Choosing a Wake Word

The default wake word is configurable. Good wake words are:

  • Two or more syllables — reduces false positives
  • Phonetically distinct — does not sound like common words
  • Easy to say — you will be saying it often

Examples: “hey claw,” “open claw,” “yo claw,” or whatever feels natural to you.

Sensitivity Tuning

The sensitivity value controls how aggressively Voice Wake listens:

  • 0.3 — Conservative. Fewer false positives, but you might need to speak louder or more clearly.
  • 0.5 — Balanced. Good for most environments.
  • 0.7 — Sensitive. Good for noisy environments, but may trigger on TV audio or other conversations.

Start at 0.5 and adjust based on your experience.
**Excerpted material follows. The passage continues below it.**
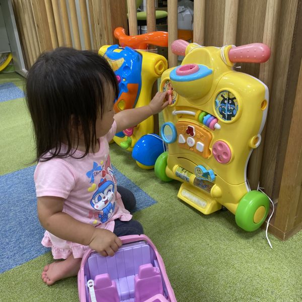 小さいお友だちは音が鳴る玩具がお気に入りのようで、ボタンやレバーをたくさん押したり回したり~と色んな音を鳴らしながらニコニコ楽しんでいました🎵
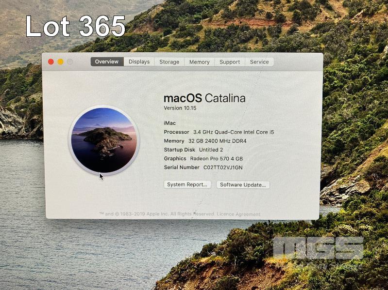 APPLE iMAC (A1419), CORE i5 7500 (7TH GEN) @ 3.4GHz, 32GB DDR4 RAM, 1TB SATA HDD, BUILT-IN 27" RETINA DISPLAY (5120x2880), 2GB RADEON PRO 570 VIDEO, Wi-Fi, MAC OS 10.15 INSTALLED (NO KEYBOARD, NO MOUSE, NO CABLE) (NOTE: DAMAGE TO SCREEN & CASING) S/N:C02TT02VJ1GN

If your assistant keeps activating when you did not say the wake word, lower the sensitivity. If it is not responding when you do say it, raise it.

Privacy Consideration

Voice Wake means your device’s microphone is always active, listening for the wake word. The audio processing for wake word detection happens locally on your device — it is not sent to any cloud service. Only after the wake word is detected does audio get sent to Whisper for transcription.

If you are uncomfortable with an always-on microphone, you can disable Voice Wake and activate Talk Mode manually instead.


Phone Calls with Twilio

This is where OpenClaw’s voice capabilities get genuinely surprising. Using Twilio integration, your assistant can make and receive actual phone calls. It gets a real phone number that anyone can call, and it can dial out to real phone numbers.

Use Cases for Phone Calls

  • Screening calls — OpenClaw answers your phone, takes a message, and texts you a summary
  • Making reservations — “Call that restaurant and book a table for 4 at 7 PM tonight”
  • Automated check-ins — Schedule your assistant to call you with your morning briefing
  • Outbound notifications — “Call me if the server goes down” or “Call me at 3 PM to remind me about the meeting”
  • Accessibility — People who prefer phone communication can interact with your OpenClaw assistant by calling it

Setting Up Twilio

Step 1: Create a Twilio account

Go to twilio.com and sign up. Twilio is a pay-as-you-go service. You will need to add a small amount of credit to get started (usually $20 is more than enough for months of use).

Step 2: Get a phone number

In the Twilio console, purchase a phone number. This is the number people will call to reach your OpenClaw assistant, and the number it uses for outbound calls. Numbers cost about $1.15/month.

Step 3: Get your Twilio credentials

From the Twilio console, note your:

  • Account SID
  • Auth Token
  • Phone number (in E.164 format, like +15551234567)

Step 4: Configure OpenClaw

twilio:
  enabled: true
  account_sid: "${TWILIO_ACCOUNT_SID}"
  auth_token: "${TWILIO_AUTH_TOKEN}"
  phone_number: "+15551234567"
  voice: "Polly.Joanna"        # Or use ElevenLabs for higher quality
  recording: false              # Set to true to record calls
  max_call_duration: 300        # Max call length in seconds

Step 5: Configure the webhook

Twilio needs to reach your OpenClaw instance when someone calls. This requires either:

  • A public URL — If you have deployed OpenClaw on a VPS with a domain name
  • A tunnel — Using a service like ngrok or Tailscale Funnel to expose your local instance

In the Twilio console, set the voice webhook URL to:

https://your-openclaw-domain.com/api/twilio/voice

Cost Breakdown

Twilio costs are very reasonable for personal use:

ItemCost
Phone number~$1.15/month
Outbound calls (US)~$0.013/minute
Inbound calls (US)~$0.0085/minute
SMS (outbound)~$0.0079/message

A 5-minute outbound call costs about $0.065. Even with daily use, most people spend under $5/month on Twilio.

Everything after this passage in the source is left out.